__Information provided__:
•••••

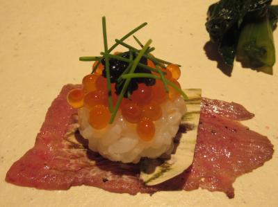 黒毛和牛雌牛のステーキやスペシャリテの「すき焼きしゃぶ 卵のエスプーマ」など、普段あまりお目にかかれない部位のお肉を使った手の込んだ牛肉料理を少しずつ頂けました。
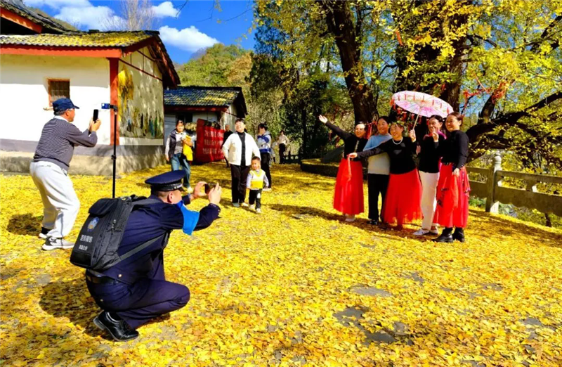被秋色渲染的诗和远方背后,“警察蓝”早已与山水和谐同框。晨雾中,成县公安的无人机如雄鹰掠过鸡峰云海;金黄的稻田里,“驻村辅警”用乡音化解着邻里纠纷;徽县嘉陵江畔,特警的身影在江风中坚定挺立。这些画面共同绘就了一幅新时代的“警旅融合图”。
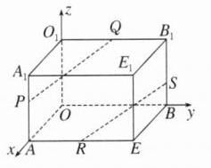 则$A(3,0,0)$,$B(0,4,0)$,$O_{1}(0,0,2)$,$A_{1}(3,0,2)$,$B_{1}(0,4,2)$,$E(3,4,0)$。易求得$P\left(3,0,\frac{4}{3}\right)$,$Q(0,2,2)$,$R(3,2,0)$,$S\left(0,4,\frac{2}{3}\right)$,于是$\overrightarrow{PQ}=\left(-3,2,\frac{2}{3}\right)$,$\overrightarrow{RS}=\left(-3,2,\frac{2}{3}\right)$。所以$\overrightarrow{PQ}=\overrightarrow{RS}$,所以$\overrightarrow{PQ} // \overrightarrow{RS}$。因为$R \notin PQ$,所以$PQ // RS$。
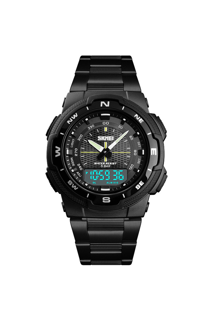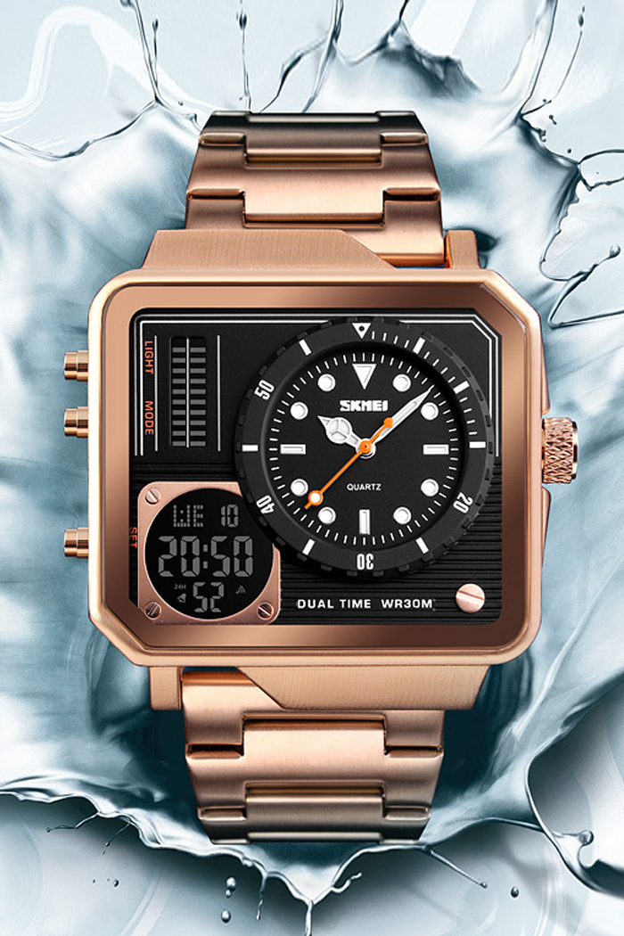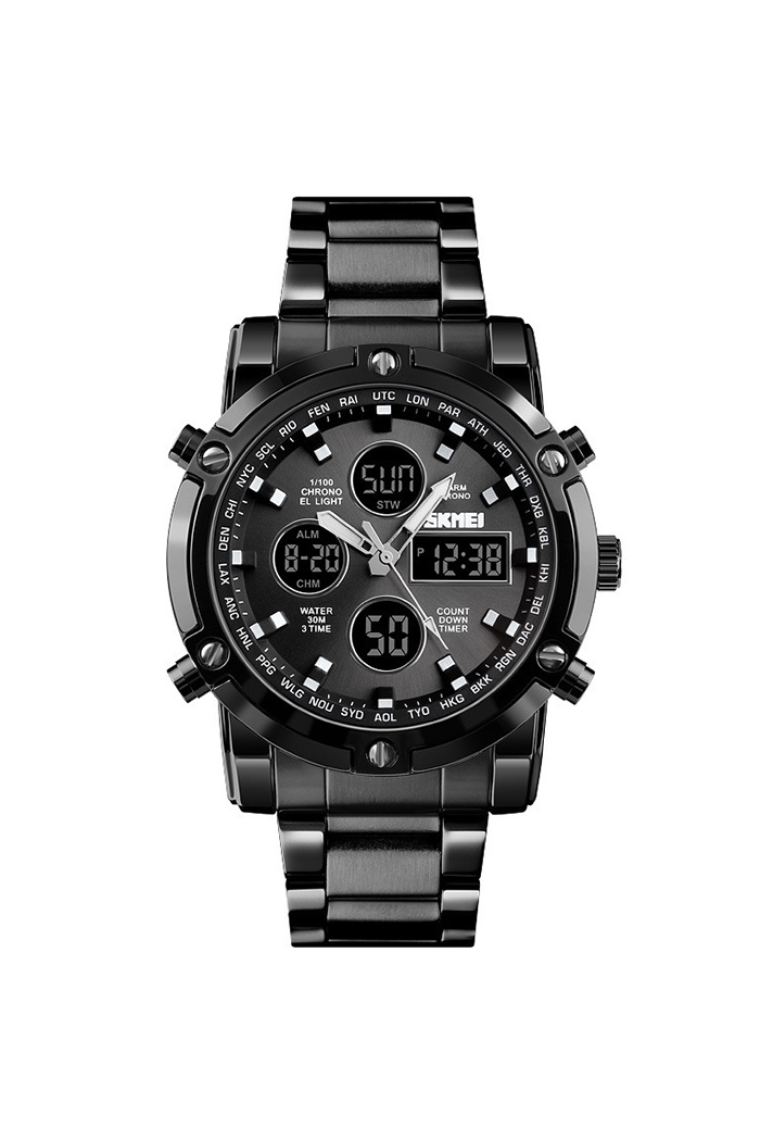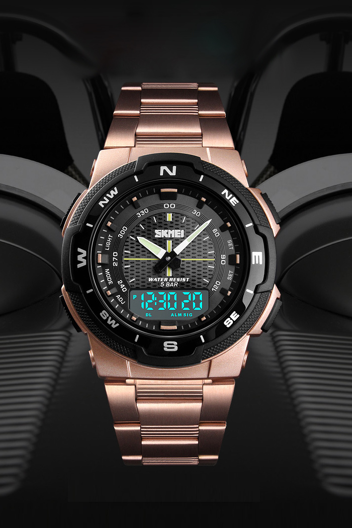 Reloj De Los Hombres De La Banda De Acero De La Prenda Impermeable De Los Deportes Al Aire Libre Del Tiempo Doble

•••••

__Task__: Write out each line of the listing above, exactly, from its first line to the line holding "PQ$,所以$PQ // RS$。", inclusive. Skip the pictures.

__Completed task__:
 黒毛和牛雌牛のステーキやスペシャリテの「すき焼きしゃぶ 卵のエスプーマ」など、普段あまりお目にかかれない部位のお肉を使った手の込んだ牛肉料理を少しずつ頂けました。
被秋色渲染的诗和远方背后,“警察蓝”早已与山水和谐同框。晨雾中,成县公安的无人机如雄鹰掠过鸡峰云海;金黄的稻田里,“驻村辅警”用乡音化解着邻里纠纷;徽县嘉陵江畔,特警的身影在江风中坚定挺立。这些画面共同绘就了一幅新时代的“警旅融合图”。
 则$A(3,0,0)$,$B(0,4,0)$,$O_{1}(0,0,2)$,$A_{1}(3,0,2)$,$B_{1}(0,4,2)$,$E(3,4,0)$。易求得$P\left(3,0,\frac{4}{3}\right)$,$Q(0,2,2)$,$R(3,2,0)$,$S\left(0,4,\frac{2}{3}\right)$,于是$\overrightarrow{PQ}=\left(-3,2,\frac{2}{3}\right)$,$\overrightarrow{RS}=\left(-3,2,\frac{2}{3}\right)$。所以$\overrightarrow{PQ}=\overrightarrow{RS}$,所以$\overrightarrow{PQ} // \overrightarrow{RS}$。因为$R \notin PQ$,所以$PQ // RS$。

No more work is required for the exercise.